Nintendo is doing the blockbuster reboot thing too. They need to sell their games to big mass audiences. Part of the reason
Super Paper Mario has such a low rating on Amazon is because it was marketed as a blockbuster reboot when it was really a continuation of the
Paper Mario series that was even more fancrufty than
Thousand-Year Door. People who hadn't played video games in years bought it because they thought it was
Super Mario Bros. with smoother graphics, not a text-heavy action RPG with an unskippable 5-minute intro like its predecessors. This is also, I anticipate, why
Paper Mario 3DS is looking so generic, and why the only partner we've seen so far is a generic Chomp rather than an actual character. They want to sell it to everyone who never played a Mario game between
SMB3 and
NSMBW.
It's not going to work, though. The people that stopped playing video games from 1996 to 2006 stopped for one big reason:

The shift from 2D to 3D is too much for them. They don't want to bother with it. And they certainly don't want to use a controller with so many dang buttons on it.
They came back in 2006 for one big reason:

It's a TV remote that works like an NES controller with a gun trigger and a big round button in the middle. To play the game that comes with it, you don't even use the buttons, you just shake it. That's simple. That's manageable.
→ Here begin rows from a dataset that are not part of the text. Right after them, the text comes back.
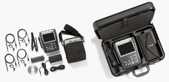 手持示波器經(jīng)常用于進(jìn)行電機(jī)驅(qū)動器、功率變換器/逆變器和功率半導(dǎo)體器件的功率測量。通過結(jié)合使用泰克的廣泛電壓和電流探頭,THS3000系列手持示波器可進(jìn)行這些測量。其四個輸入通道中的每個通道均可進(jìn)行配置,以匹配探頭類型和衰減系數(shù),確保正確的測量和光標(biāo)讀數(shù)。該產(chǎn)品標(biāo)配4個新型的 300 MHz CAT III 安全等級探頭,也標(biāo)配了OpenChoice軟件,像以前使用泰克臺式示波器一樣方便。圖4中左圖為THS3000系列標(biāo)準(zhǔn)機(jī)型配件,包括 4 個探頭、電池、電源適配器和電源線、OpenChoice CD、校準(zhǔn)證書、系帶和軟提箱。圖4中右圖為TK 機(jī)型配件,包括4 個探頭、電池、電池適配器和電源線、 OpenChoice CD、校準(zhǔn)證書、系帶、探頭配件包、探頭盒和硬提箱。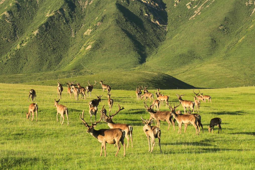 這是在甘肅省張掖市肅南裕固族自治縣拍攝的高山草甸之間的肅南馬鹿。新華社發(fā)(肅南縣委宣傳部供圖)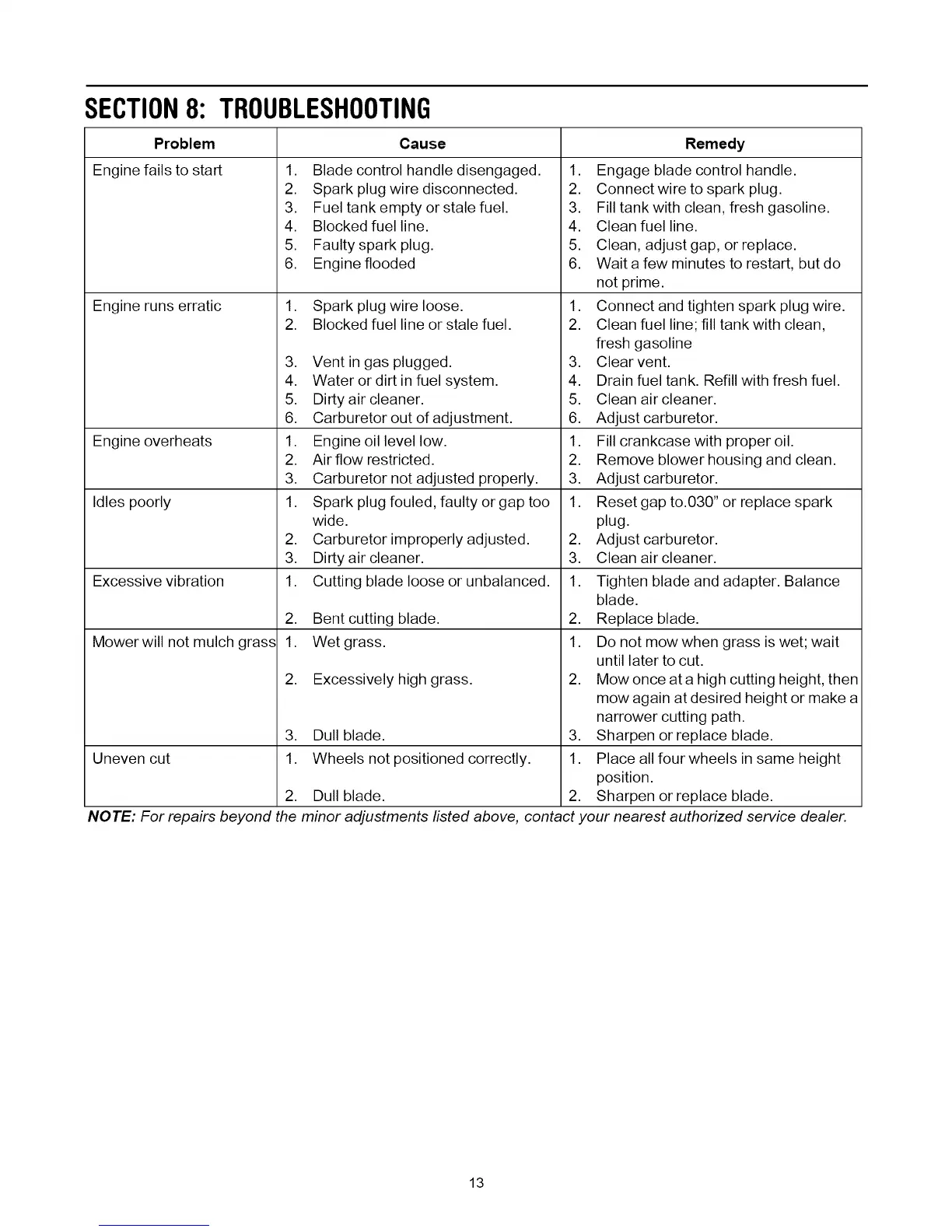 NOTE: For repairs beyond the minor adjustments listed above, contact your nearest authorized service dealer.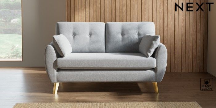 7.3.1 Buy Wilson Buttoned Back 2 Seater Sofa Tweedy Blend Easy Clean Light Silver Grey Metal Tapered - Gold from the Seasons online shop Click here to use our website with more accessibility support, for example screen readers

This is not manageable. Look at the [darn] thing. It's already got sliders and knobs and dials and lights all over it, and now you wanna add this thing onto it to give it another joystick and two more buttons (for a total of four buttons where I can't even see them)? And they think this is going to win back over the crowd that left when they shifted to 3D with a big three-pronged controller? And they think the way to win back that crowd
is with 3D? Double 3D -- a 3D game with a stereoscopic display.
No. The reboots will fail, and it's gonna be a Gamecube again. The fans will get their fanservice, and there'll be a second 3DS
Paper Mario that has the old Dry Bones design and Goombaloads of fanfic fodder.
*- Complicating this is the way that Hollywood plays stupid accounting tricks to make it look like movies are unprofitable if they need to. The studio will create a separate company to make the movie, which is still entirely controlled and funded by them, and then they'll charge themselves exorbitant amounts for distribution and marketing, so that on paper, the company that made the movie never made a profit, but the actual studio did. David Prowse (the guy in the Darth Vader suit) has never received residuals from Return of the Jedi, because ROTJ, one of the top-grossing films of all time, has officially still not turned a profit. But that's beside the point, mostly.
When was the last time Mario got to use the Super Leaf in a 3D game?
When was the last time Mario got to fight Boom Boom in a 3D game?
When was the last time Mario had to jump onto a flagpole in a 3D game?
When was the last time Mario did that stuff in a 2D game? Boom Boom and the Super Leaf have only been in
one game to date, and flagpoles are only in the original
Super Mario Bros., the lazy sequel to the original
Super Mario Bros., and the two uncreative rehashes of the original
Super Mario Bros.. The point is that before 2005, Mario was always doing new stuff. Now he's riding the nostalgia train.